Below is how your key switch should be wired. There is no need to add a push button switch!

IDENTIFIER FUNCTION WIRE COLOR CODE CONNECTS TO 
B BATTERY Red with Violet stripe Battery positive via fuse 
A or I ACCESSORY or IGNITION Violet Accessory loads; engine ignition 
S START Yellow with Red stripe Engine starter solenoid coil 
C CHOKE Violet with White stripe Engine primer solenoid coil 
M (raised) MAGNETO Black with Yellow stripe Engine ignition kill circuit 
M MAGNETO Black Engine chassis or battery negative


----------



## gotmuddy (Nov 28, 2010)

thanks for the reply pappy, very informative. That makes sense because when you pull the fuel hose off and run the motor out of fuel for about 3 seconds it runs perfect, then it dies.


----------



## gotmuddy (Nov 28, 2010)

I plugged the hoses for the carbs and pumped thebulb. It appears that its working fine. It doesn't let fuel out until you push the key in. One jet was stuck in the carb bowl but I was able to get the other out. It says 38d on the jet. How can I find out if the let's are the correct size?


----------



## blunt (Nov 28, 2010)

orifice plug 38d is for a 1986 -1988 40hp .. 39d is for a 1984 40hp...


----------



## gotmuddy (Nov 28, 2010)

How big of a difference would that make? Maybe I have a '86 instead of a '84...


----------



## blunt (Nov 28, 2010)

honestly I doubt it would make a difference. Your motor may be a little newer or maybe just the carbs are. either way I would say it's the correct jet for a 40hp.


----------



## Pappy (Nov 29, 2010)

Try clamping off the supply line to the primer while running the engine. See if that makes a difference. The small difference in jet size should not make a difference unless someone has been playing with drillbits with your jets.


----------



## gotmuddy (Nov 29, 2010)

Pappy said:


> Try clamping off the supply line to the primer while running the engine. See if that makes a difference. The small difference in jet size should not make a difference unless someone has been playing with drillbits with your jets.
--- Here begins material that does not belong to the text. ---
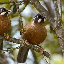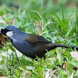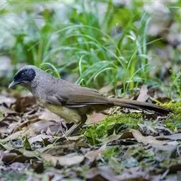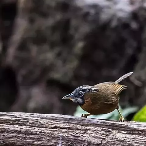 黑顶噪鹛:中型鸟类,体长24-26厘米。前额、脸、颏、喉黑色,头顶黑褐沾棕或深棕橄榄褐色,…
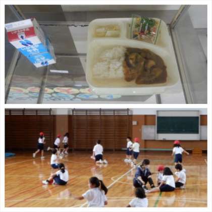 今日の給食の献立は、「ご飯、牛乳、夏野菜のカレーライス、キャベツのサラダ、豆こぶ」でした。

when the fuel is unhooked the motor runs the same until it is almost out of fuel, then it runs perfect for about 3 seconds before it dies.


----------



## Pappy (Nov 29, 2010)

Yes, I read that several posts up. 
Now, at the RPM the issue is occuring at, clamp off the supply line to the primer and see if the engine picks up. Could be that at higher RPM more fuel pressure is building and becomes enough to free flow through the pump.


----------



## gotmuddy (Nov 30, 2010)

when you say primer do you mean the bulb on the fuel line or the fuel pump up on the motor?


----------



## Pappy (Nov 30, 2010)

The one on the engine. We are trying to see what is passing excess fuel when it shouldn't be. There is no pressure in the primer bulb when the engine is running.....only vacuum as the engine's fuel pump is sucking fuel through it.


----------



## 89Suburban (Nov 30, 2010)




----------



## gotmuddy (Nov 30, 2010)

I wont be able to check it with it running until this weekend.


----------



## gotmuddy (Dec 4, 2010)

I pulled the fuel pump apart and found a pinhole in the diaphram. guess I found my problem.


----------



## gotmuddy (Dec 19, 2010)

Well rebuilding the fuel pump helped a little but it still isn't fixed. I put new plugs in it but that didn't help. I noticed quite a bit of smoke


----------



## gotmuddy (Dec 21, 2010)

found the problem, the top coil was going bad.


----------